Hazreti Alî (k.v.)’den: “Bir öğle vakti Resûlullâh (s.a.v.)’i evinde ziyaret ettim ve kendilerine selâm verdim. Selâmıma mukabele ettikten sonra buyurdular ki:”Yâ Alî!, Cibril’in sana selâmı vardır.” Ben de: “Aleyke ve aleyhisselâm Yâ Resûlallâh” dedim. Bunun üzerine Resûlullâh (s.a.v.) “Bana yaklaş” dedi. Ben de yaklaştım. Buyurdular ki: “İşte Cibril, senin için diyor ki her aydan üç gün oruç tutsun. Birinci gün için on bin sene, ikinci gün için otuz bin sene, üçüncü gün için de yüz bin sene oruç tutmuşcasına sevâb yazılacaktır.” Ben:”Yâ Resûlallâh, bu üç gün orucu tutarsam bunun sevabı yalnız bana mı mahsûs? Bütün insanlar bu orucu tutarlarsa onlara bu sevâblar verilmeyecek mi?” dedim. Resûlullâh sallallâhü ‘aleyhi ve sellem:”Yâ Alî! Allah ta’âlâ bu sevâbları sana ve senin gibi bu oruçları tutanlara verecektir.” buyurdular. Ben “Yâ Resûlallâh! Bu oruçlar ne zaman, hangi günlerde tutulacaktır?” dedim. Buyurdular ki:”Bu günler arabî ayların on üç, on dört ve on beşinci günleridir. Bu üç güne “eyyâmı bıyz” derler.” dedi.”

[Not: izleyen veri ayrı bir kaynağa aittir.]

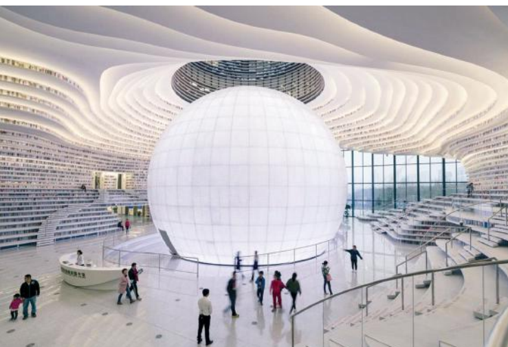
ill. 1. The Tianjin Binhai Library in China

The proposal that took the third place of honour in the competition for the design of the National Library in Prague impresses with its aesthetic form and sculptural extravagance (ill. 2b). Although the building's shape resembles a quicksilver bead after a fashion, the prototype is a cell structure that makes its nucleus the central depository, while the entire library space is engulfed in the cellular membrane of a translucent shell. 4
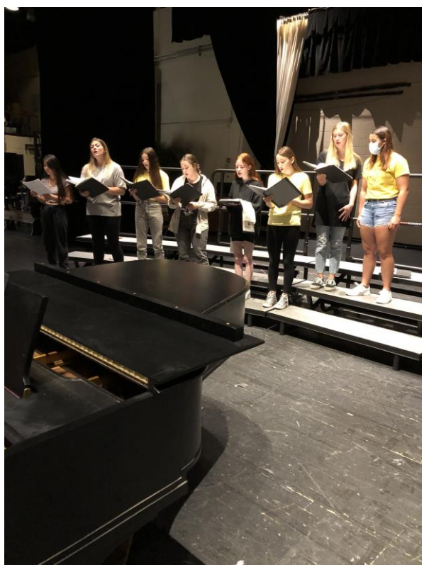
Members of our Chamber Choir getting ready for the upcoming concert!
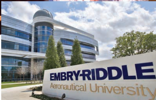
Embry-Riddle Aeronautical University
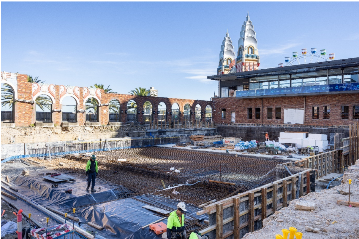
50m pool 09/06/2022
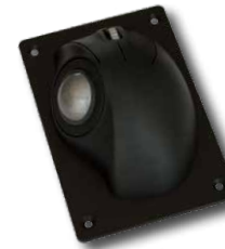
TBE38 ergonomic 38mm - panel
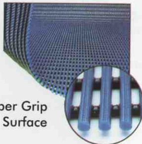
Super Grip Surface
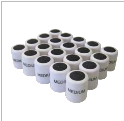
NAME: MEDIUM DISPOSABLE TIPS (PER 20) CODE: SC213
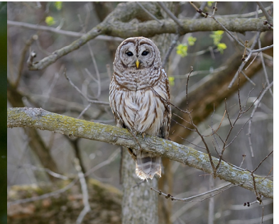
8 Strix varia Barred Owl: Mottled brown on upperparts, buffy below with dark streaks. Dark eyes. Sometimes active in daytime.
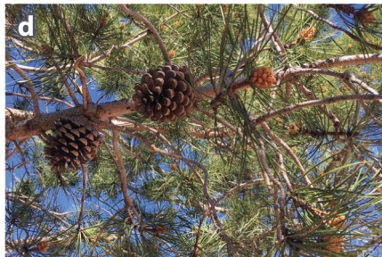
d Level of serotiny signifies capacity to regenerate after fire.
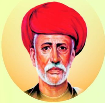
Mahatma Jyotiba Fule (1827-1890)
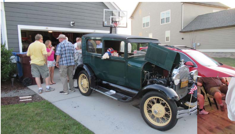
Billy's awesome Model A

There were several motions to adjourn, seconded by most of the assembled crowd. Thank you for putting up with your sub-par, sub-Secretary. Once again, back to you
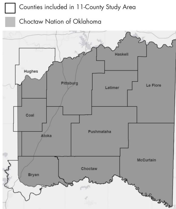
FIGURE 1. COMPARISON OF 11-COUNTY AREA AND CHOCTAW NATION

Eyyâmı bıyz denmesinin sebebi: Hadîsi şerifi Hz. Alî (k.v.)’den rivayet eden Anter (r.a.):”AIÎ (k.v.)’den sordum: “Eyyâmı bıyz” ne demektir?” Alî (k.v.) şöyle cevâb verdiler: Hazreti Âdem aleyhisselâm yeryüzüne indiğinde güneşin hararetinden teni siyahlanmıştı. Cibril (a.s.):”Ey Âdem, teninin beyaz olmasını arzu eder misin?” dedi. Âdem (a.s.) “Evet!” dedi. Cibril (a.s.): “Öyle ise ayın on üç, on dört ve on beşinci günleri oruç tut” dedi. Âdem (a.s.) on üçüncü günü oruç tuttu; teninin üçte birhbeyazlandı. On dördüncü günü oruç tuttu; teninin üçte biri daha beyazlandı. On beşinci günü de oruç tutunca onun bütün vücûdu bembeyaz oldu. işte “eyyâmı bıyz” denmesinin sebebi budur.
(Hz. Seyyid Abdü’lkâdiri Gîlânî (k.s.), Üç Aylar ve Faziletleri, 82 s.)